TROUBLING LOVE: BAB 1




BAB 1

I
 buku tenggelam di laut pada 23 Mei malam, di hari ulang tahunku, di daerah bernama Spaccavento, beberapa mil dari Minturno. Akhir tahun 50an, saat ayah masih tinggal bersama kami, kami menyewa kamar di rumah pertanian dekat daerah itu dan menghabiskan sepanjang bulan Juli di sana, kami berlima tidur di dalam kamar empat persegi yang sangat panas. Tiap pagi para gadis minum puding telur yang baru diambil dari kandang, pergi ke laut melewati setapak kotor dan berpasir di antara alang-alang untuk berenang. Pada malam ibuku meninggal, pemilik rumah, yang dipanggil Rosa, berusia tujuh puluh tahun lebih, mendengar seseorang mengetuk pintu, tapi karena takut kalau-kalau itu pencuri atau pembunuh, tidak membukakannya.


Ibuku naik kereta tujuan Roma dua hari sebelumnya, pada 21 Mei, tapi tidak pernah tiba. Akhir-akhir ini, dia kerap datang dan tinggal bersamaku beberapa hari, minimal sekali dalam sebulan. Aku tidak suka akan kehadirannya di rumah. Dia bangun saat subuh dan, seperti biasa, membersihkan dapur dan ruang tamu dari atas sampai bawah. Aku mencoba tidur lagi, tapi tak bisa: terbaring kaku dalam seprai, kurasa kesibukannya telah mengubah tubuhku menjadi anak-anak berkerinyut. Saat dia masuk kamar dengan secangkir kopi, aku beringkuk ke sisi yang tidak bisa dijangkaunya bila duduk di pinggir ranjang. Keramahannya membuatku jengkel: dia pergi berbelanja dan berkenalan dengan para penjaga toko yang selama sepuluh tahun ini berbicara padaku tak lebih dari dua kata; dia jalan-jalan menyusuri kota bersama orang yang baru dikenalnya; berteman dengan teman-temanku, dan menceritakan kehidupannya pada mereka, cerita yang selalu berulang. Aku, yang bersamanya, cuma bisa menjauhkan diri dan berpura-pura tidak mendengar.

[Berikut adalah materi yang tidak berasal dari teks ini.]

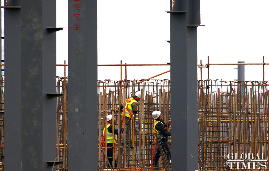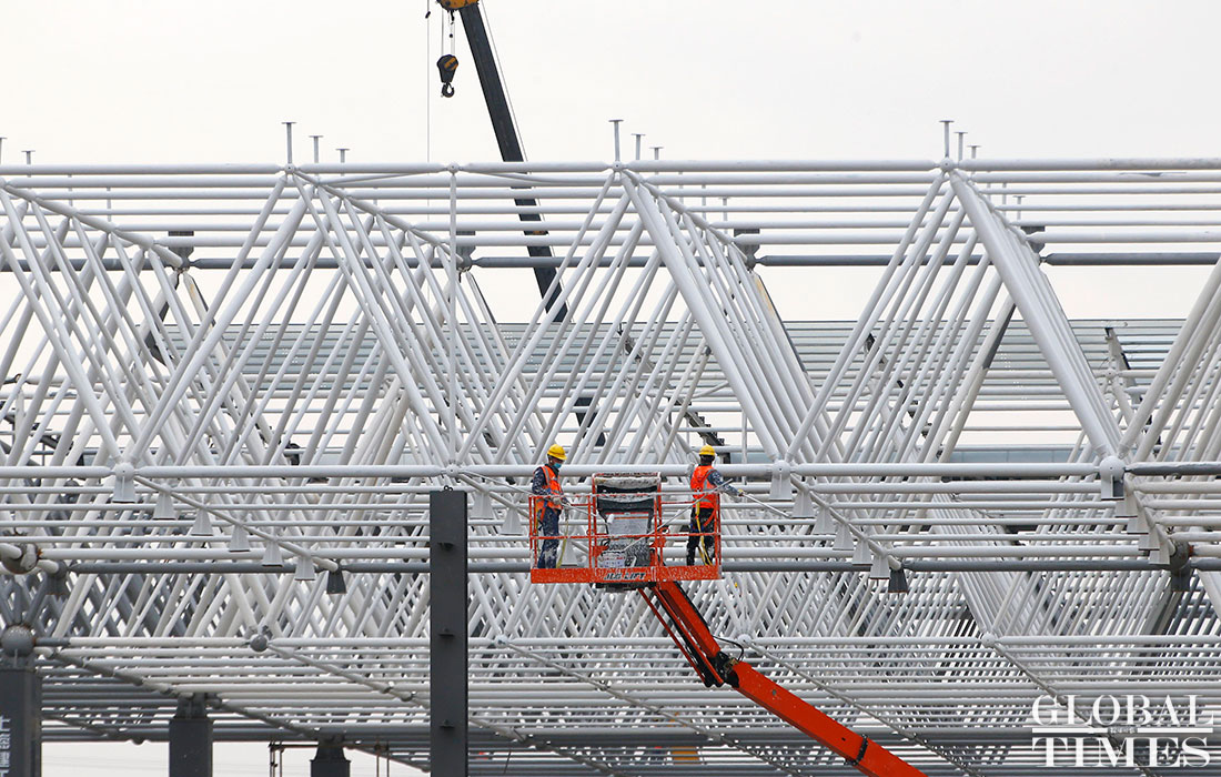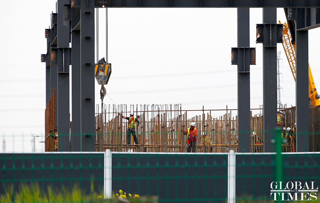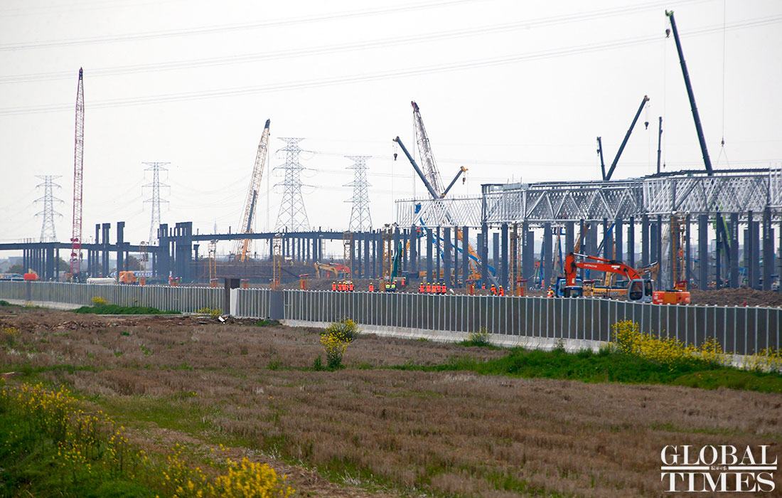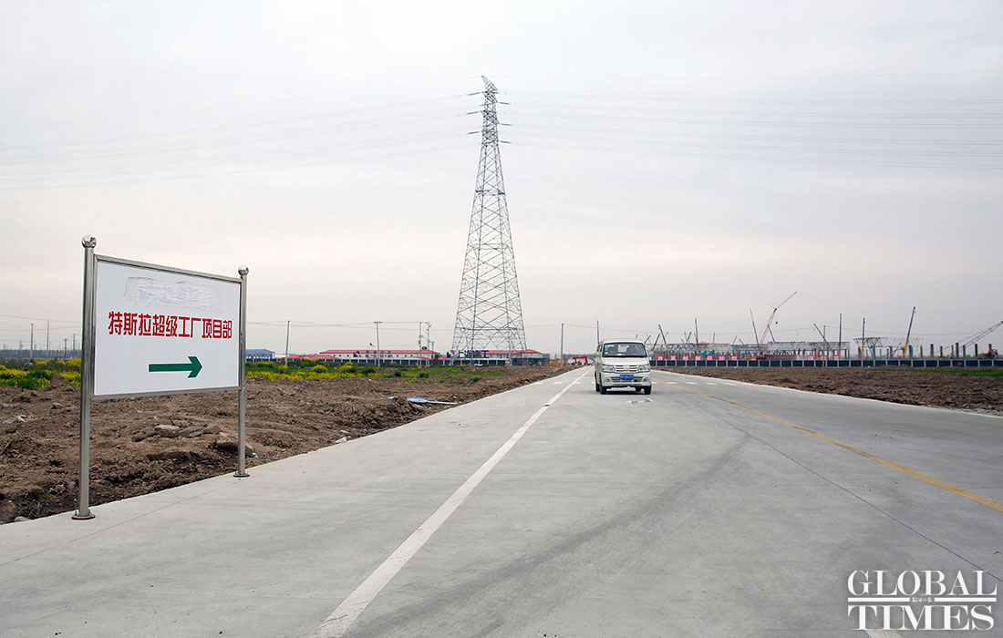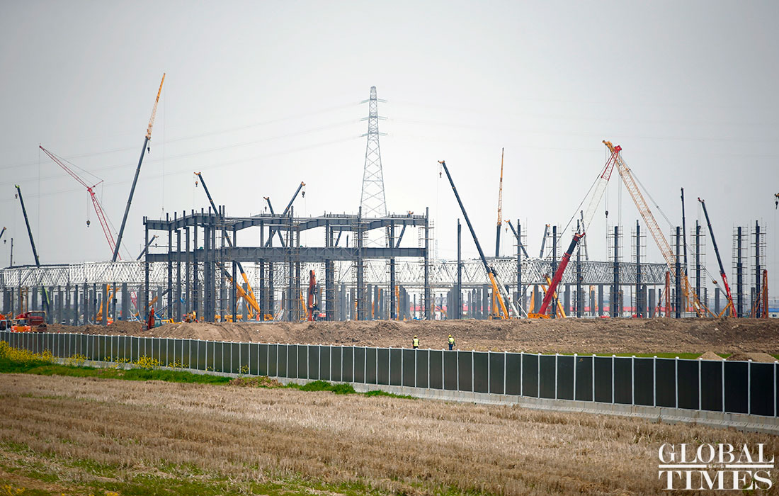 Photos taken on April 2 show the ongoing construction work of Tesla’s China factory in East China’s Shanghai. The first phrase construction of the factory is nearly finished, and the whole project is expected to finish in July or August this year, a worker said. (Photos: Yang Hui/GT)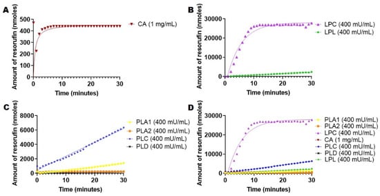 Data from Figure 3 showed that LPC released the highest amount of resorufin compared to the rest of the enzymes, peaking at about 25,000 nmols product in 30 min. (Figure 3A,D). Data from Figure 3A revealed that CA had the lowest catalytic activity, which was limited to about 400 nmols released in 30 min. PLA1 and LPL both appeared to have similar catalytic activities of about 1500 nmols and 2300 nmols produced in 30 min, respectively. PLC hydrolyzed DGGR at a rate of about 2000 nmols in 30 min. Overall, lipases and esterases were able to process and hydrolyze DGGR at a higher rate than 4-nitrophenyl acetate and 4-nitrophenyl palmitate, thus revealing the impact of substrate structure and lipophilicity on esterase and lipase activities.

Begitu menyadari isyarat ketidaksukaanku, dia pun pulang ke Naples. Dia mengumpulkan semua barangnya, merapikan rumah sekali lagi, dan berjanji akan datang lagi. Aku menyusuri tiap sudut rumah, menyusun ulang semua barang yang ditatanya sesuai keinginanku lagi. Aku menaruh tempat garam di rak biasa aku menyimpannya bertahun-tahun, mengembalikan deterjen ke tempat yang bisa kutemukan dengan cepat, memberantakin laci-laci, dan mengacaukan lagi ruang kerjaku. Dan pelan-pelan bau kehadirannya—wangi yang tertinggal di dalam rumah menguarkan kegelisahan—lenyap, seperti bau gerimis sebentar di musim semi.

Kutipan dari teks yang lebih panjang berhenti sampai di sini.